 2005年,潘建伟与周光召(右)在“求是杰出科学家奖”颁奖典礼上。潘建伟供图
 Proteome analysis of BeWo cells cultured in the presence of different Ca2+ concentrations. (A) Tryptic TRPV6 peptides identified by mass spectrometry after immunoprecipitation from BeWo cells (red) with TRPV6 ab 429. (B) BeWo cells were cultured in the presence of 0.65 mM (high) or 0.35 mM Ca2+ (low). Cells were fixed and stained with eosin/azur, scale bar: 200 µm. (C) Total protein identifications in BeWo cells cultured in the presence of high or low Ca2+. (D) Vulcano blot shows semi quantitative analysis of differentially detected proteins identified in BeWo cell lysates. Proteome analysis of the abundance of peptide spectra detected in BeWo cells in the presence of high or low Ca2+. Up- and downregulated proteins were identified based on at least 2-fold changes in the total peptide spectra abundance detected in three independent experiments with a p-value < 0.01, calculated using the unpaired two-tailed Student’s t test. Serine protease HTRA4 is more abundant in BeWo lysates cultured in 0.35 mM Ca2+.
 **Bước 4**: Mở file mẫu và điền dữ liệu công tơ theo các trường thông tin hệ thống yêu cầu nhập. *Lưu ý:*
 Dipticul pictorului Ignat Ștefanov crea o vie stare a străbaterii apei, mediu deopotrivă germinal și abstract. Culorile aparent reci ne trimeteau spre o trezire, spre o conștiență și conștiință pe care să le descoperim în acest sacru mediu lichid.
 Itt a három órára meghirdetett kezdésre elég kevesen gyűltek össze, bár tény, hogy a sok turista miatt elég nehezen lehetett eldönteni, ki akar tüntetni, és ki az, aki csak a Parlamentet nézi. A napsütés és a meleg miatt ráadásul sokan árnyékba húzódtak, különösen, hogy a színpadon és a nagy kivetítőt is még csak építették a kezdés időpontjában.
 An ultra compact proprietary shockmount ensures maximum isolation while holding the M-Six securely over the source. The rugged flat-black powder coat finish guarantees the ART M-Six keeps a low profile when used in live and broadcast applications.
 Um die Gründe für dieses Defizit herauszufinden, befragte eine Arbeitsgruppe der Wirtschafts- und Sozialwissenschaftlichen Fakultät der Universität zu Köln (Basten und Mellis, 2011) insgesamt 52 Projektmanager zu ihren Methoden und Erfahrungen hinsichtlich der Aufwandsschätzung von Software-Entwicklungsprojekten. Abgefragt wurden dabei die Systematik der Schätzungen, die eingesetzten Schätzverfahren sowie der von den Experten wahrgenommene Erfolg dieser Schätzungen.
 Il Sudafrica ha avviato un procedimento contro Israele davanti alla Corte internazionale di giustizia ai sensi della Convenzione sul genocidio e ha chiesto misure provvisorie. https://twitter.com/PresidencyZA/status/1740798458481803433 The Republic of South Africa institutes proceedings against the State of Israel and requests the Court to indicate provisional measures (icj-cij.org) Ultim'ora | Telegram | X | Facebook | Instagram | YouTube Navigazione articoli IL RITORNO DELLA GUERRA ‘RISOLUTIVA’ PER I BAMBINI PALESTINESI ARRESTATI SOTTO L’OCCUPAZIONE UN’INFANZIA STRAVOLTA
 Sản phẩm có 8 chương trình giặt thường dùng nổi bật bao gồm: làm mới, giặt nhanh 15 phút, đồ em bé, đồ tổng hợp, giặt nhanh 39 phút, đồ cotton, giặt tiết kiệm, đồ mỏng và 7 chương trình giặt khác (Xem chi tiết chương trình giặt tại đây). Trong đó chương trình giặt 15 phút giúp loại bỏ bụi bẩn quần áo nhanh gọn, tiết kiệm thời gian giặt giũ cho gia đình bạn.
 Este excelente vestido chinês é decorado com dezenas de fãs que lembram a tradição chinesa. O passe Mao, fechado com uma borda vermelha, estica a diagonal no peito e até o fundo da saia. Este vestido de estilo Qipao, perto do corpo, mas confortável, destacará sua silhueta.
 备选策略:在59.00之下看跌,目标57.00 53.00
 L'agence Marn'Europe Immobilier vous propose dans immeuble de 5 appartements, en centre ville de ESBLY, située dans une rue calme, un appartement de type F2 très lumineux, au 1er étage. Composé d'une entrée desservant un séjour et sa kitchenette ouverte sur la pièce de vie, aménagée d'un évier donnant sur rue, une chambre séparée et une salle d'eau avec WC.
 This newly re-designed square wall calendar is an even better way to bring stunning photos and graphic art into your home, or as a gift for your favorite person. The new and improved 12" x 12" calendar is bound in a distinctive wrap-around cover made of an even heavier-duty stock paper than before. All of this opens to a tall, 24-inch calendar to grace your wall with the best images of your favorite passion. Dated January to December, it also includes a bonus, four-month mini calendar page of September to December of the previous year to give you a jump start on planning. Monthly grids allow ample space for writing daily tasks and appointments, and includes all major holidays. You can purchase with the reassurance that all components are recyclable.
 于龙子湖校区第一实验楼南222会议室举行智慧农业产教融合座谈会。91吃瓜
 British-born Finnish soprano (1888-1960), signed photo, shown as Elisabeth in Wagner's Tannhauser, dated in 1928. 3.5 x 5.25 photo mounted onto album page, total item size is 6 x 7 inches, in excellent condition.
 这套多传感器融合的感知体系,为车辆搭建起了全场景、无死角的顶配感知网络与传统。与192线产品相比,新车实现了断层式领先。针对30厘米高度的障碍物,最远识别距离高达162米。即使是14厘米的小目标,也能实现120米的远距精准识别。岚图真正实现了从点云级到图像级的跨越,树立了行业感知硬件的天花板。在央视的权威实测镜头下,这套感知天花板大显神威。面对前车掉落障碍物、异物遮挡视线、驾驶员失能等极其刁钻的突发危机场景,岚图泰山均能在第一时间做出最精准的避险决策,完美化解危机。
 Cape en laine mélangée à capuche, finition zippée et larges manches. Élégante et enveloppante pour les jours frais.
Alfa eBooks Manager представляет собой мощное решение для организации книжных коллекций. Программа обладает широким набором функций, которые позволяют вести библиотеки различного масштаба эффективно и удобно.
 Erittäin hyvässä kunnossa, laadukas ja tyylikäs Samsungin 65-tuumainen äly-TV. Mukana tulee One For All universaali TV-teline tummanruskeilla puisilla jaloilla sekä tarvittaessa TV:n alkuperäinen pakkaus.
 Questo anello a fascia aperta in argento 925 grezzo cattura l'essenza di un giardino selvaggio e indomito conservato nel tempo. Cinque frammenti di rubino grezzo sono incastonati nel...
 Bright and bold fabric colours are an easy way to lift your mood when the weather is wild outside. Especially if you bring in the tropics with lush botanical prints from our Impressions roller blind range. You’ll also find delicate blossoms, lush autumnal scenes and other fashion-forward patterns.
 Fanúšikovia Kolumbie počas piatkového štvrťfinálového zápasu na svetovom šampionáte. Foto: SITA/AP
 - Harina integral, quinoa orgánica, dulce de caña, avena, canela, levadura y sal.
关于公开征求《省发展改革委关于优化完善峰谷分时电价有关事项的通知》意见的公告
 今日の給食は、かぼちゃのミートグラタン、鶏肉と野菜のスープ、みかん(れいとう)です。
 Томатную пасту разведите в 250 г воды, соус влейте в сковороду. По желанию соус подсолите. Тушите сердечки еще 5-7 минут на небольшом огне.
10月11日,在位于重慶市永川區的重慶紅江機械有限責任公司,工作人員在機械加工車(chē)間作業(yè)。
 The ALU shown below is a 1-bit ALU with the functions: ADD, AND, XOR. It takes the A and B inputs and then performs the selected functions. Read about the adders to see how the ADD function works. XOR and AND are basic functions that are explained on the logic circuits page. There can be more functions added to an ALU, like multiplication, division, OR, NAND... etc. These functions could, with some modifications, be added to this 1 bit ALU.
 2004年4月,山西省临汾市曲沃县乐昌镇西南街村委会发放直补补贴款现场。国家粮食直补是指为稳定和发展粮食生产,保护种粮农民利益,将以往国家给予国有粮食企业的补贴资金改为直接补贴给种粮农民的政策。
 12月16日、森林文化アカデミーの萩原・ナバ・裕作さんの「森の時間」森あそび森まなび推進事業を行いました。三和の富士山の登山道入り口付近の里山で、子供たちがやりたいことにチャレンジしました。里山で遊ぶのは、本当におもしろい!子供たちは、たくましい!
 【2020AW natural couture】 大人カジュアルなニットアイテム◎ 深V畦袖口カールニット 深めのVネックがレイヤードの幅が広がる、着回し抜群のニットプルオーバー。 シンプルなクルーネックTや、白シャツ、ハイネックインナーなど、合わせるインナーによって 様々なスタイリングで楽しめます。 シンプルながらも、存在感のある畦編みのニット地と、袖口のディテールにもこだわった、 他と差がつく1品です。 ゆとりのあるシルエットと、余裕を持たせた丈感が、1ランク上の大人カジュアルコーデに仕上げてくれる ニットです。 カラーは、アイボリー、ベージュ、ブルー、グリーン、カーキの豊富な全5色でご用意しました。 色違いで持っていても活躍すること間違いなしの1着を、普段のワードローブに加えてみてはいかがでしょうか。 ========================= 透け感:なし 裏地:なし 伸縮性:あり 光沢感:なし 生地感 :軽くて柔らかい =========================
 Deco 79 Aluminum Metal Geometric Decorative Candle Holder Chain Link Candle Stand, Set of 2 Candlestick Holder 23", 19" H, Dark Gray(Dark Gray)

- - - - - - -

• [WHAT TO WORK ON] Reproduce, exactly and with nothing added, the lines from the one that includes "The ALU shown" through the last line of the material.

• [PROBLEM SOLUTION]
 The ALU shown below is a 1-bit ALU with the functions: ADD, AND, XOR. It takes the A and B inputs and then performs the selected functions. Read about the adders to see how the ADD function works. XOR and AND are basic functions that are explained on the logic circuits page. There can be more functions added to an ALU, like multiplication, division, OR, NAND... etc. These functions could, with some modifications, be added to this 1 bit ALU.
 2004年4月,山西省临汾市曲沃县乐昌镇西南街村委会发放直补补贴款现场。国家粮食直补是指为稳定和发展粮食生产,保护种粮农民利益,将以往国家给予国有粮食企业的补贴资金改为直接补贴给种粮农民的政策。
 12月16日、森林文化アカデミーの萩原・ナバ・裕作さんの「森の時間」森あそび森まなび推進事業を行いました。三和の富士山の登山道入り口付近の里山で、子供たちがやりたいことにチャレンジしました。里山で遊ぶのは、本当におもしろい!子供たちは、たくましい!
 【2020AW natural couture】 大人カジュアルなニットアイテム◎ 深V畦袖口カールニット 深めのVネックがレイヤードの幅が広がる、着回し抜群のニットプルオーバー。 シンプルなクルーネックTや、白シャツ、ハイネックインナーなど、合わせるインナーによって 様々なスタイリングで楽しめます。 シンプルながらも、存在感のある畦編みのニット地と、袖口のディテールにもこだわった、 他と差がつく1品です。 ゆとりのあるシルエットと、余裕を持たせた丈感が、1ランク上の大人カジュアルコーデに仕上げてくれる ニットです。 カラーは、アイボリー、ベージュ、ブルー、グリーン、カーキの豊富な全5色でご用意しました。 色違いで持っていても活躍すること間違いなしの1着を、普段のワードローブに加えてみてはいかがでしょうか。 ========================= 透け感:なし 裏地:なし 伸縮性:あり 光沢感:なし 生地感 :軽くて柔らかい =========================
 Deco 79 Aluminum Metal Geometric Decorative Candle Holder Chain Link Candle Stand, Set of 2 Candlestick Holder 23", 19" H, Dark Gray(Dark Gray)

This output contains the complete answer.